I forced my finger onto the trigger. To my surprise, a trickle of sweat beaded on my forehead.
Come on, Roman. It's not like this is your first kill.
But Vinnie had been forced on me, my father's gun at my back. The second attacker, Tate Jackson, whose neck I'd broken earlier, had been an accident. I hadn't meant to kill him. I was just so fucking furious when I saw his hands on Julianna, when I heard the tearing of her clothes, when I knew, knew, what he wanted to do to her.
"You promised me you'd get me to safety," Eddie garbled. "You promised."
Do it, Roman. Do it to make sure this scumbag never reveals what he saw tonight—the heir of the Tyrell Mafia empire saving the life of a cop.
Do it to protect her.
"I lied." I pulled the trigger.
The bullet rang out like a bang, echoing out into the night. Eddie dropped forward like a sack, his dick hanging out of his pants like the poor unlucky fucker just stopped for a piss.
For a second I just stood there, my gun still pointed at where Eddie's head once was, whips of smoke reaching for the heavens from the end of my barrel.
No weapon, no evidence, no witnesses, a voice echoed in my head, spurring me to action.
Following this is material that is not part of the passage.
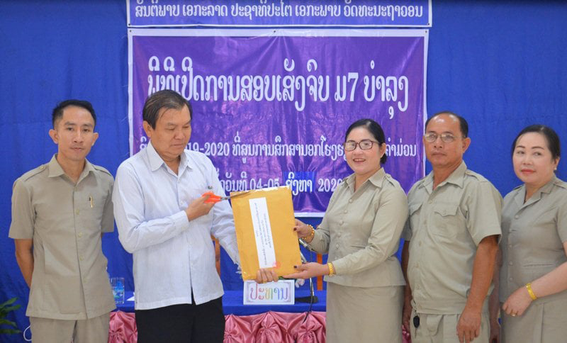 ວັນທີ 4 ສິງຫາ 2020 ພະແນກສຶກສາທິການ ແລະກີລາ ແຂວງສະຫວັນນະເຂດ ໄດ້ຈັດພິທີ ເປີດຫົວບົດສອບເສັງ ມ7 ບໍາລຸງ ທົ່ວແຂວງສະຫວັນນະເຂດປະຈໍາ ສົກຮຽນ 2019-2020, ໂດຍ ໃຫ້ກຽດເປັນປະທານມີ

There were no witnesses to worry about.
I would take the gun with me, throw it into the river on my way as I drove back to Verona.
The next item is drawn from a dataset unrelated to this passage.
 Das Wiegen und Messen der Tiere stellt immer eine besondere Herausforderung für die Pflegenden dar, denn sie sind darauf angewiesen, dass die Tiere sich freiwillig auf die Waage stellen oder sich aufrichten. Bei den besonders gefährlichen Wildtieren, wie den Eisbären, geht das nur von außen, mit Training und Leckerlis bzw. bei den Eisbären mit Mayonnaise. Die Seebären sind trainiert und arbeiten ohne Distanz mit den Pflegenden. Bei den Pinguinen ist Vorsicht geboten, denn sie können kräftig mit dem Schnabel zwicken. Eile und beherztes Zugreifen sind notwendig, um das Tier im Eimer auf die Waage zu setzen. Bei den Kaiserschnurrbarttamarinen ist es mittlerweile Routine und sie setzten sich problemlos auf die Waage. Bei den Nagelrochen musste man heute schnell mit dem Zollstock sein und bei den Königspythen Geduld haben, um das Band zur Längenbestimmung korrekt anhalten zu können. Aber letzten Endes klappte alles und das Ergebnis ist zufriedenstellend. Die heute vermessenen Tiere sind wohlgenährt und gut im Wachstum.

As for any evidence I might leave behind… I strode to the seat behind the driver's side where I had stashed the two cans I'd bought in the gas station earlier. Eddie hadn't even noticed I'd returned with them, to his detriment. I grabbed the one marked "bleach". Good old household cleaner. Will remove all scum, stains and DNA evidence.
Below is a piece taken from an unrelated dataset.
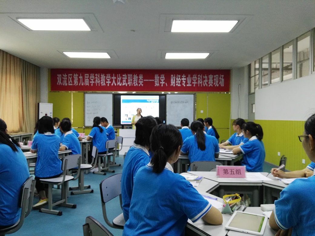 2017年5月16日,双流区第九届学科大比武职教类决赛进入第二天,来自三所公办中职学校的选手参加了数学、财经两个学科(专业)的角逐。本次决赛,作为职教类公共基础课之一的数学学科,选取高教社中职数学教材的拓展模块,采用现场抽取题签,现场独立备课,现场抽取班级,现场上课的形式,考察教师的基本功和综合能力。从决赛选手的表现来看,各校都推选出了优秀选手参加决赛。参赛选手数学素养优秀,课堂调控能力强,真正体现了职教类数学学科教学 “三个服务”的特点(为学生的基本素质提高服务、为学生的专业学习服务、为学生的终身学习服务),具有很强的示范性。财经专业选手根据专业特点,采用任务驱动教学法,熟练运用微课、智慧课堂等信息化教学手段,将原本枯燥的财经知识以任务包的形式发放给学生,让学生们学起来兴趣盎然。本次活动既是一次教学比武,也是一次中职课堂教学改革成果的展示,将有力地促进各校教师素质的提升,促进各校的内涵发展。

I washed Eddie down before I climbed back into Eddie's car and gunned it back onto the road.
The other can was marked gasoline. This car was going to make a pretty bonfire.
Sometimes, when I wasn't thinking of Julianna, I replayed that night over in my head as I lay in bed staring at my ceiling.
I wasn't going to lie to myself. I was glad Eddie was dead. One less rapist scumbag for the world. Did that make what I did justifiable? Did that make me a hand of justice in a way?
He was still someone's son. Someone was going to miss him. Someone was going to mourn him.
"You are a good man, Roman."
Julianna's words taunted me. Haunted me. How could a bright angel see any light in me?
"Let me tell you what this good man did. I killed Eduardo Sanchez. I pointed the gun at his head and I pulled the trigger."
Every day since I confessed to her I half-expected, half-hoped I'd be arrested. The knock on my door never came. Even with the way I left things, even after I deliberately caused her pain, she would not turn on me. I didn't fucking deserve her. She was better off without me. Soon she would see that.